Consider this:
Find the tangent to the function $f$ at point $(2,f(2))$ where $f(2)=0$ and the function $f:(1,\infty)\to\mathbb{R}$ using the implicit equation:
$$xe^{xf(x)} = (x-2)^3 + e^{f(x)}+1.$$
Now I've found tried to find the $g'(x)$ and $h'(x)$.

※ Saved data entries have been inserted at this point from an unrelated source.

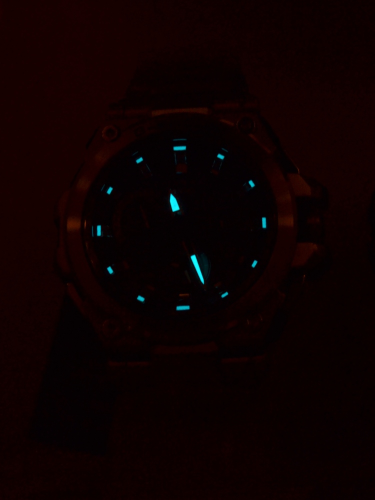 Размеры: диаметр по безелю 46 мм, со всеми выступами 54 мм, высота часов 47 мм, толщина 17 мм, вес 201 гр.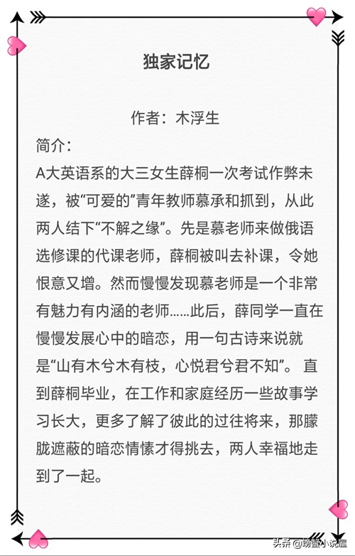 木浮生大大的文都写得都非常地细腻,总是能把一个简单故事刻画的那么生动形象。在她的笔下每个人物都能给人留下深刻的印象,一直以来是我非常喜欢的一个作者,下面是螃蟹整理了一些作者大大的其他文,希望亲们喜欢~~
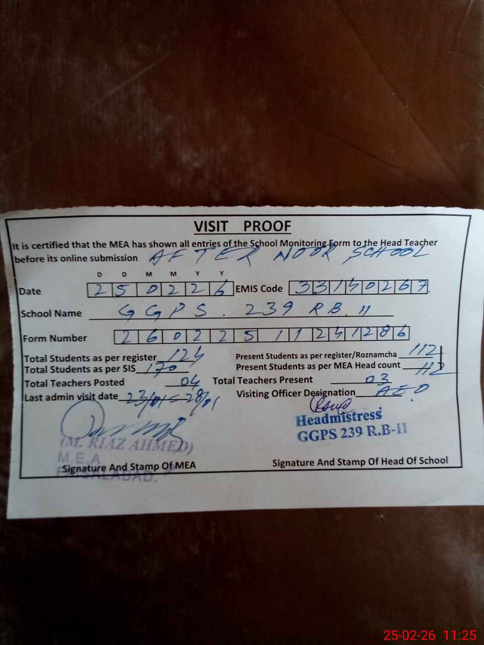 | Attendance Register | Head Teacher | MEA with School | Visit Proof |
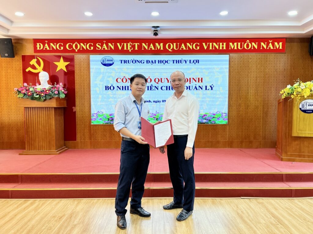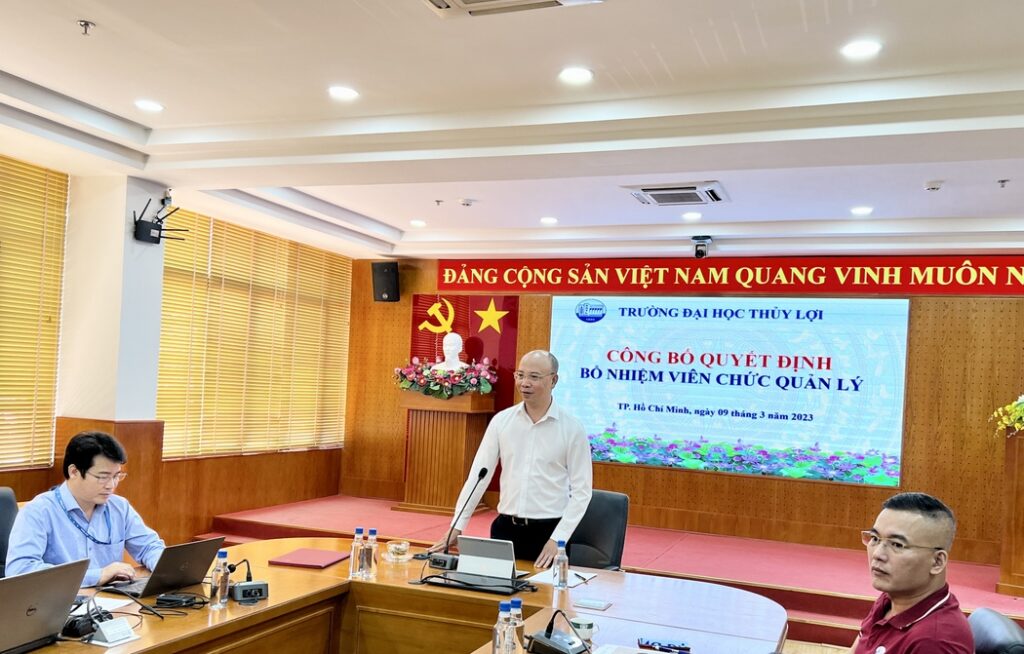 Sáng ngày 09/3/2023, Phân hiệu Trường Đại học Thủy lợi tổ chức Lễ công bố quyết định của Hiệu trưởng về việc bổ nhiệm Phó trưởng bộ môn Kỹ thuật công trình cho TS. Phạm Ngọc Thịnh.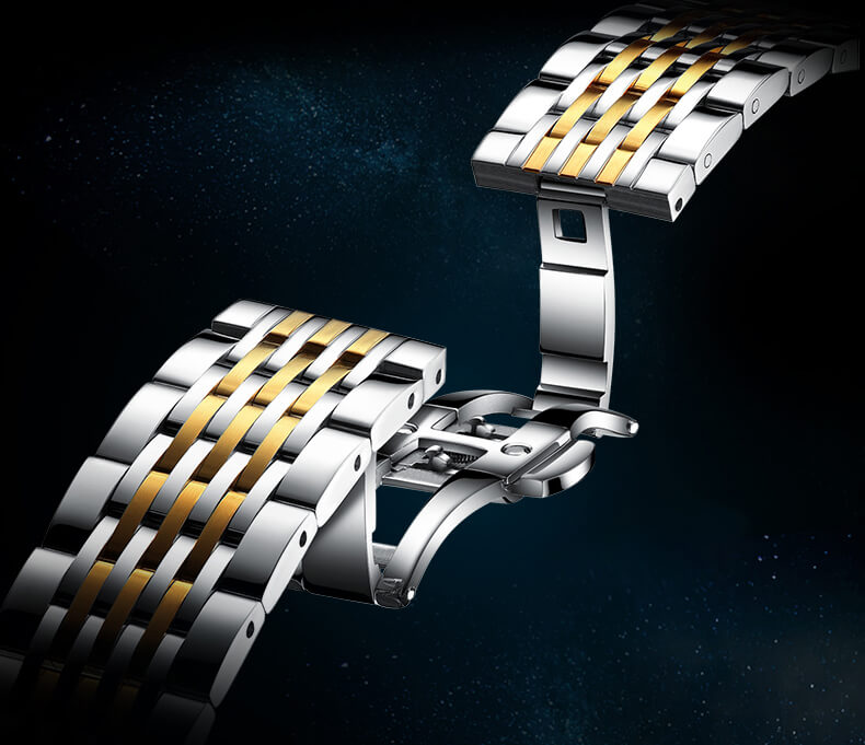 Dưới lớp kính, các cọc số mảnh cùng bộ kim sắc nhọn mạ vàng nổi bật trên nền trắng. Bên ngoài, phần dây được chế tác từ thép 316L chống xước và chống ăn mòn cực tốt, nhấn nhá thêm 3 dải demi chạy dọc dây đeo. Kết hợp cùng công nghệ mạ PVD tiên tiến, cỗ máy sẽ luôn bền màu và sáng bóng dài lâu.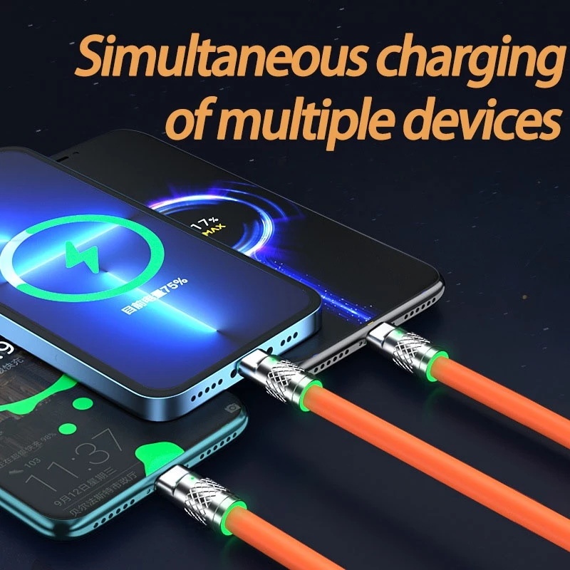 3in1 USB A to USB C 120W Fast Charging Cable Liquid Silicone 8Pin Zinc Alloy Data Cable

$$g(x) = xe^{xf(x)} \implies g'(x) = e^{xf(x)} + xe^{xf(x)'} * f(x)';$$ $$f(x) = (x-2)^3 + e^{f(x)} +1 \implies h'(x) = 3(x-2)^2 + e^{f(x)'}. $$
Now I am not sure if I derived correctly, and if not please let me know. But the other important thing is I'm not sure what to do next? Am I supposed to input $2$ into $f(x)$ to "simplify". A tip would be great.
Thanks!
You're wrong in a couple of points:
$\frac{d}{dx}xe^{xf(x)}=e^{xf(x)}+ x\bigg(e^{xf(x)}\cdot \big(xf'(x)+f(x)\big)\bigg)=$
$\frac{d}{dx}\bigg((x-2)^3+e^{f(x)}+1\bigg)=3(x-2)^2+e^{f(x)}\cdot f'(x)$
So finally we can compute the derivative: (Just factorize $f'(x)$ out of both sides of the equality) $$f'(x)=\frac{e^{xf(x)}\big(xf(x)+x+1\big)-3(x-2)^2}{(1-x^2)e^{f(x)}}$$
Now because $f(2)=0$, clearly $f'(2)=\frac{3}{-3}=-1.$ So the slope of the tangent line is $-1$ and it also passes the point $(2,0)$ so the equation of the tangent line is: $y=2-x$ and the problem is solved.